Der größere Teil sind diejenigen, die die High School ohne Abschluss verlassen haben und somit schlecht für den Arbeitsmarkt qualifiziert sind. Das sind Jugendliche aus sozial schwächeren und bildungsfernen Milieus, die schlicht keine Chance auf dem Arbeitsmarkt haben. Hinter der Reduktion der Erwerbsquote steht also primär eine massiv erhöhte Jugendarbeitslosigkeit und sekundär verlängerte Ausbildungsfristen.
In der Summe ergibt sich das folgende, mehr realistische Bild der Arbeitslosigkeit in den Vereinigten Staaten. Es umfasst die Arbeitslosigkeit in der Definition U3, U6 und in der Definition mit unveränderter Erwerbsquote. Wichtig ist, dass letztere niemals zurückgegangen ist.
Graphik: USA Arbeitslosigkeit in verschiedenen Definitionen
Die Arbeitslosigkeit lag nach dieser letzten Definition nie unter 20 Prozent in den 2010er Jahren und liegt jetzt bei über 30 Prozent. Meines Erachtens ist dies etwas zu hoch, weil die Reduktion der Erwerbsquote durch die Verlängerung der Ausbildungszeiten nicht berücksichtigt ist. Doch an der Tatsache, dass heute über 30 Prozent der Bevölkerung in den USA arbeitslos sind, kommt man nicht vorbei. Die Massenarbeitslosigkeit unter den benachteiligten Jugendlichen schlägt sich in Wut und Destruktion nieder. Und die Perspektiven für die Hochschulabgänger mit hohen Studienschulden haben sich ebenfalls durch die Corona-Krise dramatisch verschlechtert.
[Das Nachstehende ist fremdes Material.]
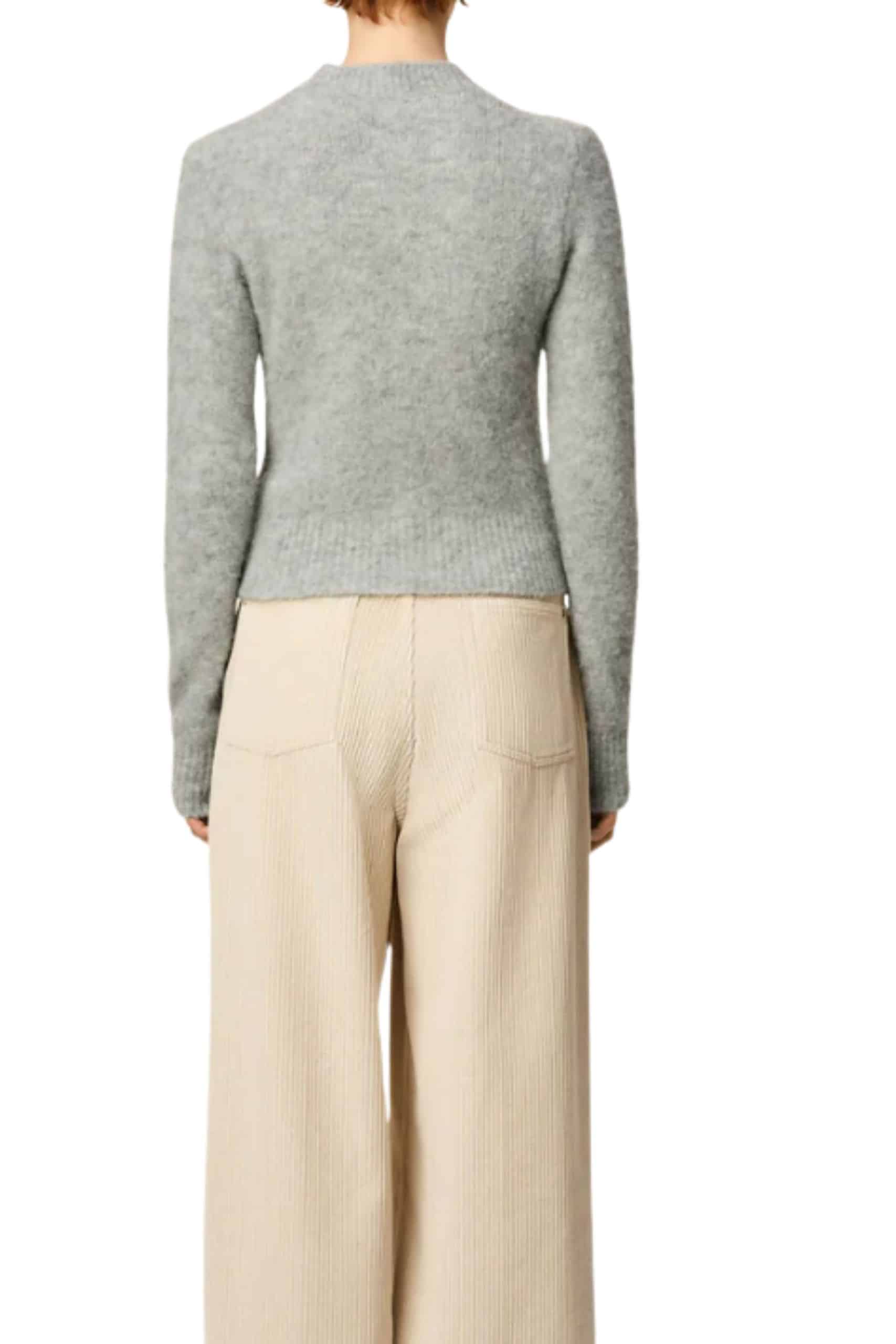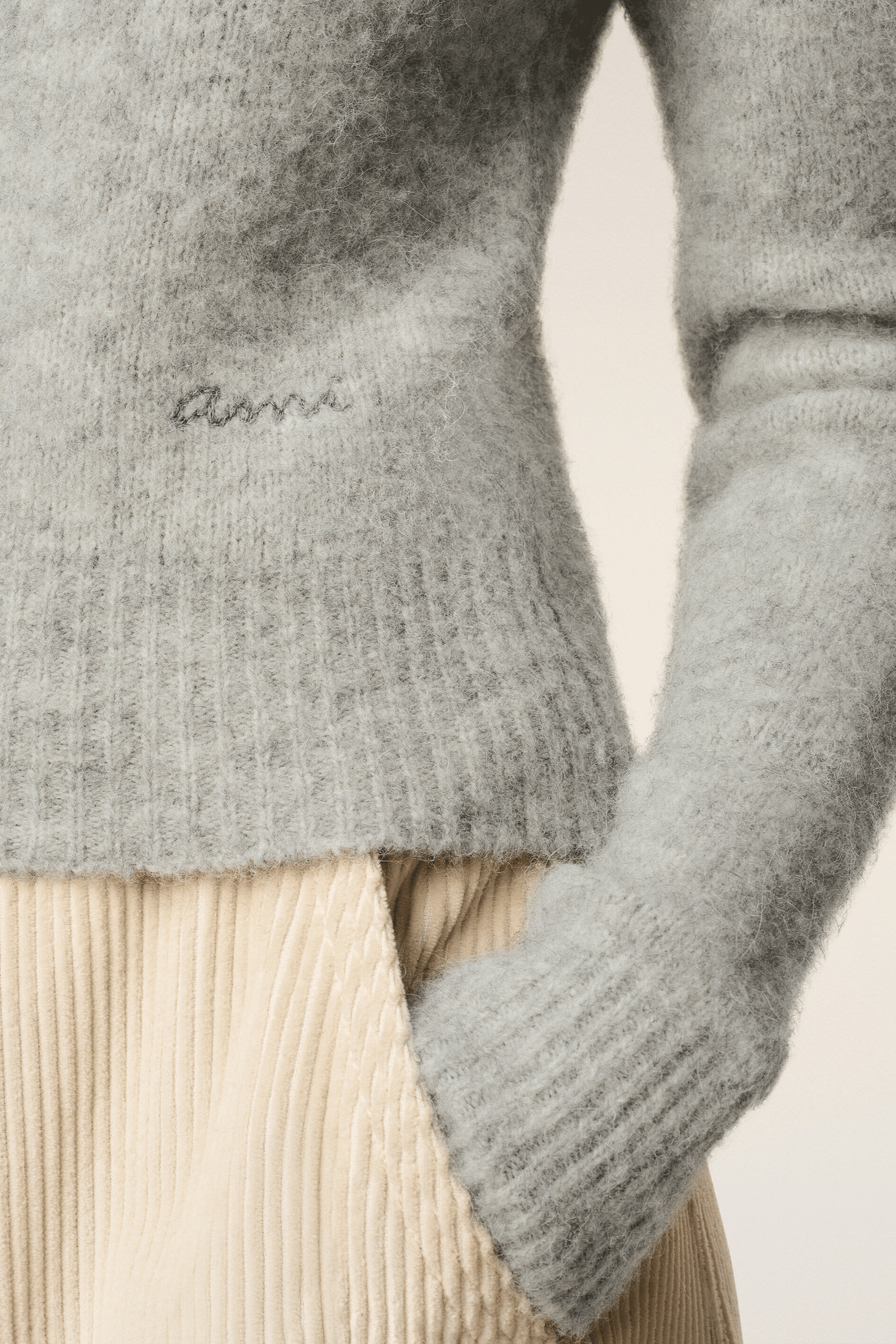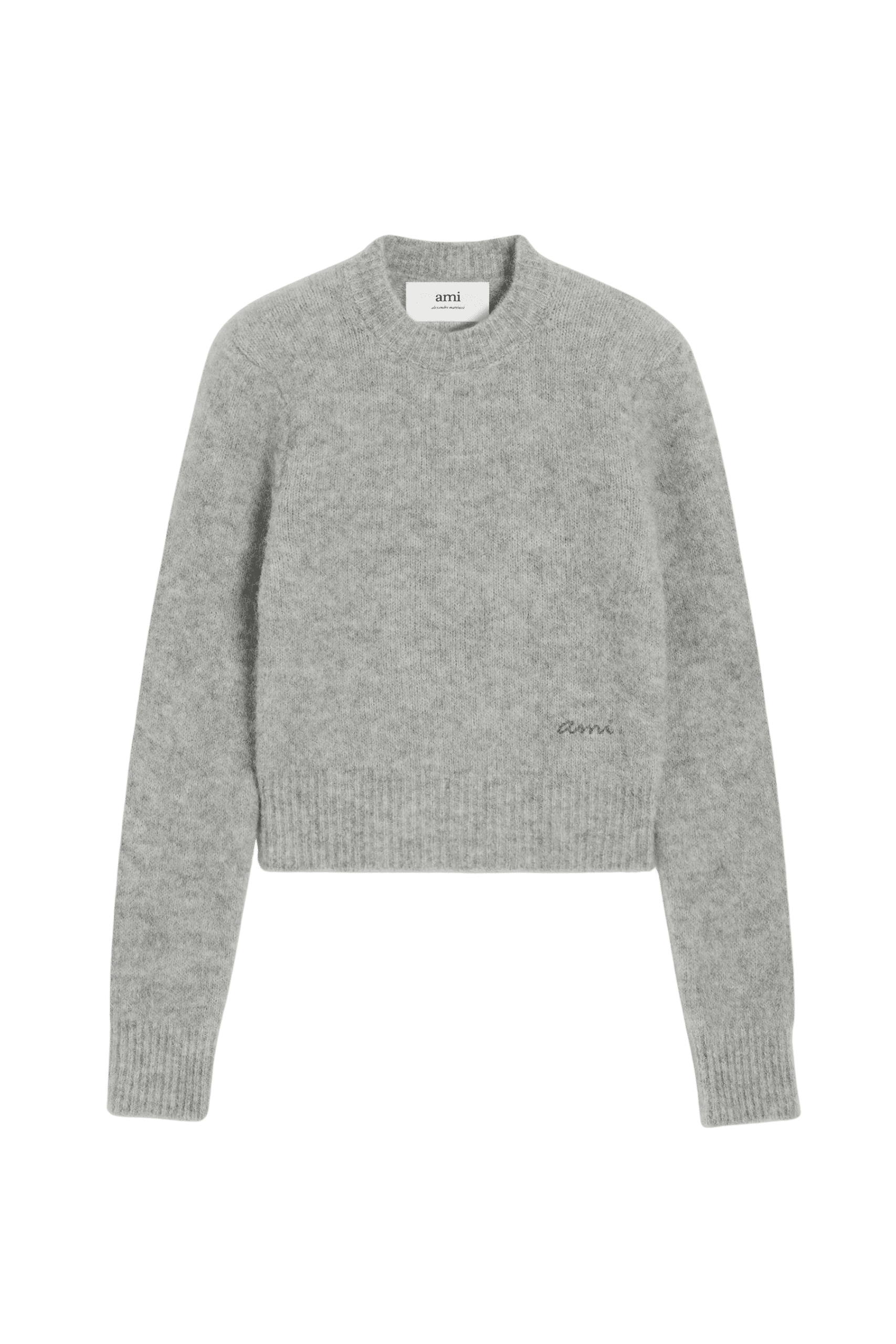Pull Laine et Alpaga Gris. Encolure arrondie. Col, manches et ourlets en bord-côtes. Broderie « ami » au dessus de l’ourlet gauche.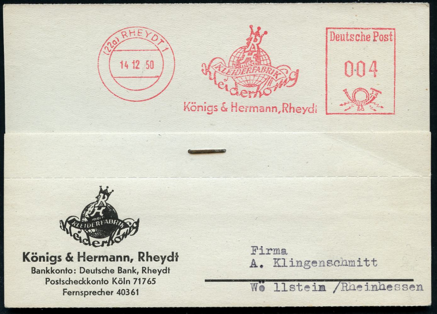 6795 | 16 € | 4070 Rheydt : (22a) RHEYDT 1/ mech./ KLEIDERFABRIK/ Königs & Hermann.. 1950 (14.12.) AFS Francotyp "Posthorn" (Sihouette eines Königs vor Globus) klar gest., motivgl. Firmen-Kt. (Dü.E-20CG) | ![]() | |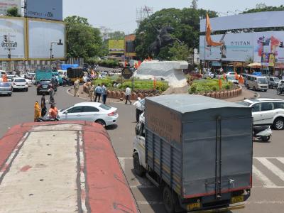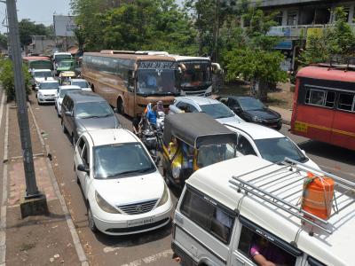 कोल्हापुरात इंधन दरवाढीविरोधात शिवसेनेने सोमवारी कावळा नाका येथे चारचाकी वाहने लावून रास्ता रोको आंदोलन केले. यामुळे चारही बाजूने वाहतूक ठप्प झाली होती.(छाया : नसीर अत्तार)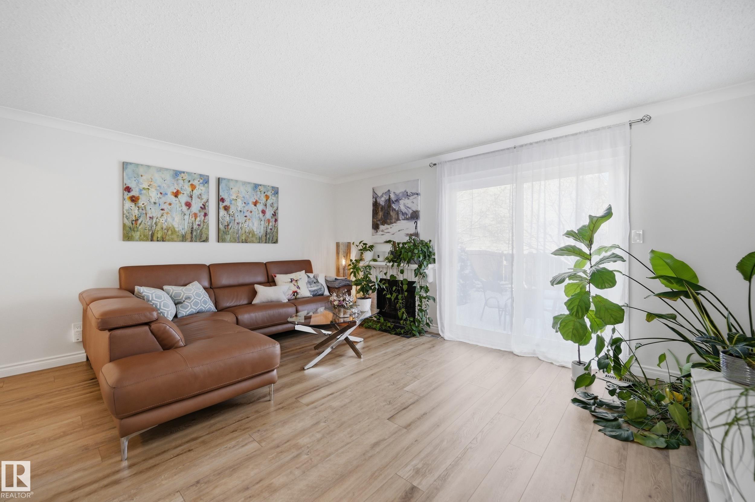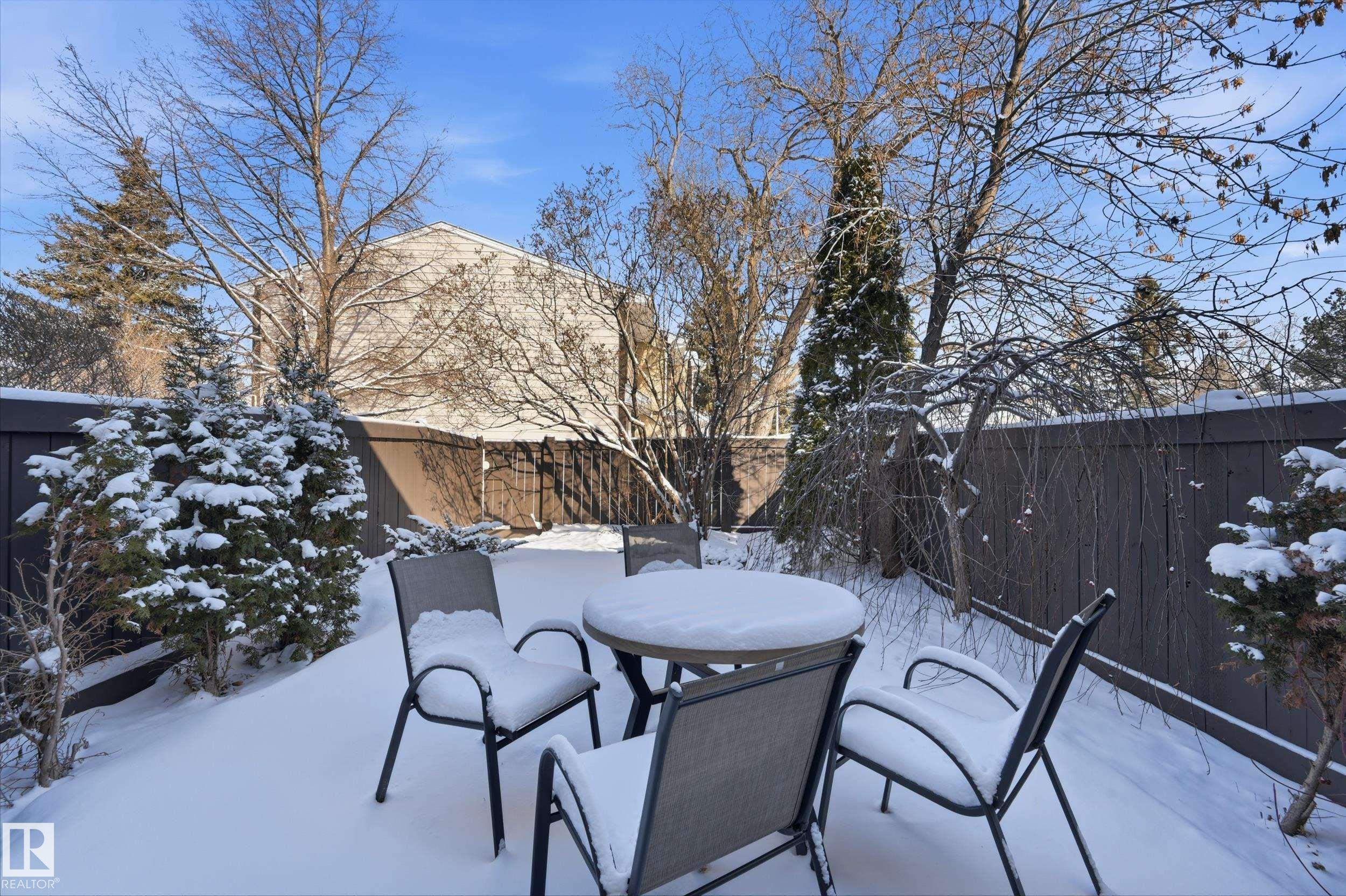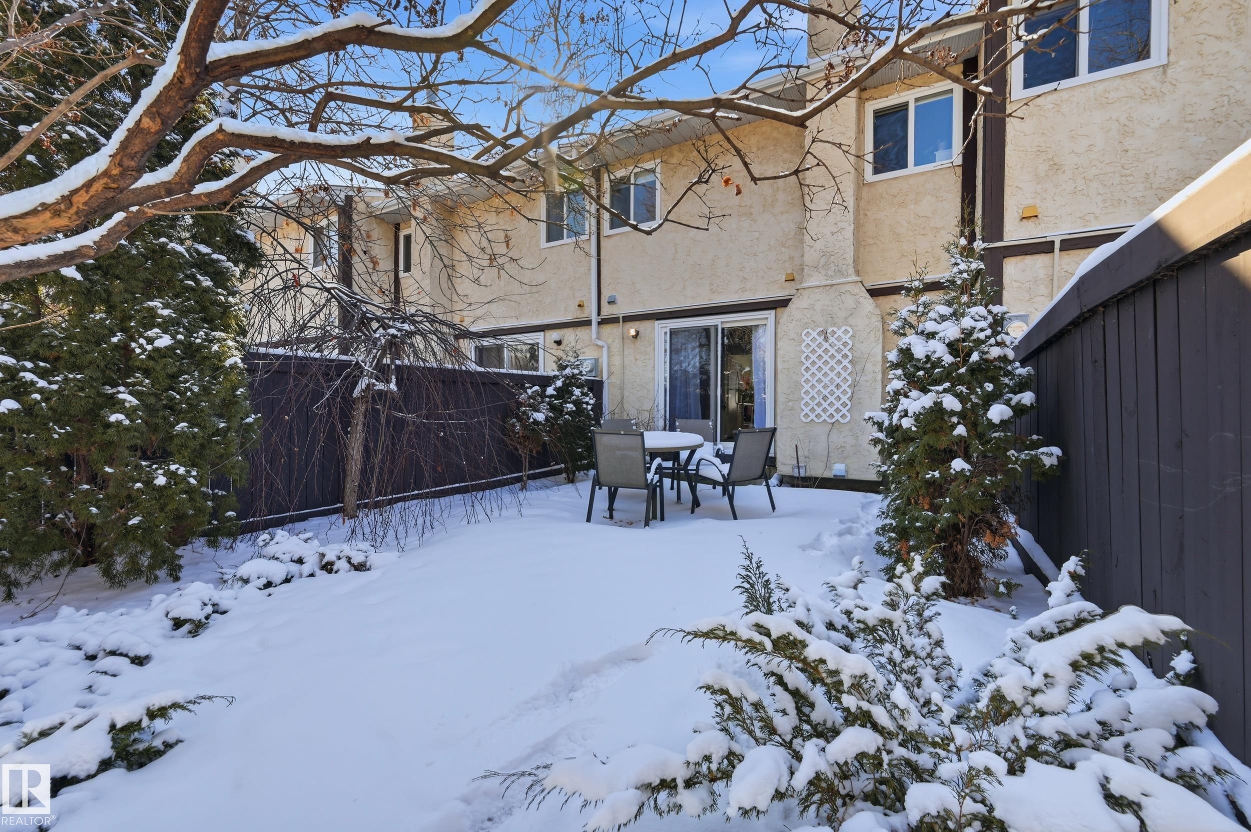 OVER $50K IN MODERN UPGRADES + 2 PARKING STALLS (1 GARAGE & 1 STALL) + FINISHED BASEMENT! This 3 bed, 2.5 bath townhome features one of the LARGEST AND MOST PRIVATE BACKYARDS IN THE COMPLEX, professionally landscaped and maintenance free, a rare find. Extensive 2022 upgrades include a high-efficiency Lennox furnace, HWT, luxury vinyl plank flooring, new carpet, updated countertops and backsplash, fresh paint, lighting, faucets, closet doors, and a new ensuite. The main floor offers a bright kitchen flowing into the living room with direct backyard access and a 2-pc bath. Upstairs includes 3 bedrooms and a full bath. The fully finished basement offers a rec space and an additional full bathroom. Detached garage plus extra stall. Walking distance to LRT, plus close to schools, parks, shopping, and major routes.

FAZIT: Die riesige Zahl an Arbeitslosen könnte die amerikanische Wirtschaft in den Abgrund reißen. Und wenn dies geschieht, wenn die Volkswirtschaft, die für circa ein Viertel des weltweiten Bruttosozialprodukts steht und die ein ungemein wichtiger Absatzmarkt für Produkte aus aller Welt ist (gerade auch für solche aus Deutschland) - dann müssen auch wir uns auf ein wirtschaftliches Erdbeben gefasst machen.